Automatic pain classification in older patients with hip fracture based on multimodal information fusion.
Journal:
Scientific reports
Published Date:
Jul 1, 2025
Abstract
Given the limitations of unimodal pain recognition approaches, this study aimed to develop a multimodal pain recognition system for older patients with hip fractures using multimodal information fusion. The proposed system employs ResNet-50 for facial expression analysis and a VGG-based (VGGish) network for audio-based pain recognition. A channel attention mechanism was incorporated to refine feature representations and enhance the model's ability to distinguish between different pain levels. The outputs of the two unimodal systems were then integrated using a weighted-sum fusion strategy to create a unified multimodal pain recognition model. A self-constructed multimodal pain dataset was used for model training and validation, with the data split in an 80:20 ratio. Final testing was conducted using the BioVid Heat Pain Database.

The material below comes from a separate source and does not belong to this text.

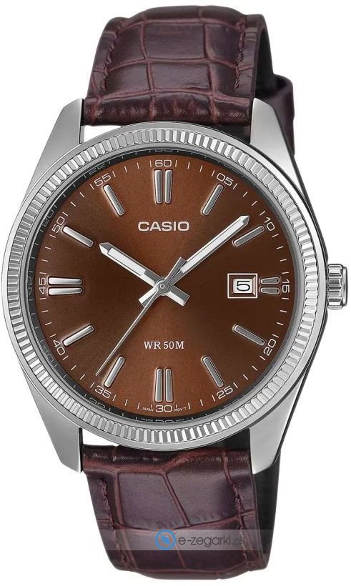Męski zegarek Casio MTP-1302PL-5AVEF to zegarek, który dzięki swemu wzornictwu zawsze będzie prezentował się dobrze. Charakterystyczny wygląd czasomierza osiągnięto także dzięki tarczy w kolorze brązowym. Aktualna godzina zaprezentowana jest w sposób analogowy co bez trudu pozwala ją odczytać. Koperta jest w kolorze srebrnym szeroka jest na 38 mm oraz ma grubość 10 mm - ma okrągły kształt.

The VGGish model, optimized by a LSTM network and the channel attention mechanism, was trained on a hip fracture pain dataset, and the accuracy of the model was maintained at 80% after 500 iterations. The model was subsequently tested on the BioVid heat pain database, Pain grades 2 to 4. The confusion matrix test indicated an accuracy of 85% for Pain grade 4. This study presents the first clinically validated multimodal pain recognition system that integrates facial expression and speech data. The results demonstrate the feasibility and effectiveness of the proposed approach in real-world clinical environments.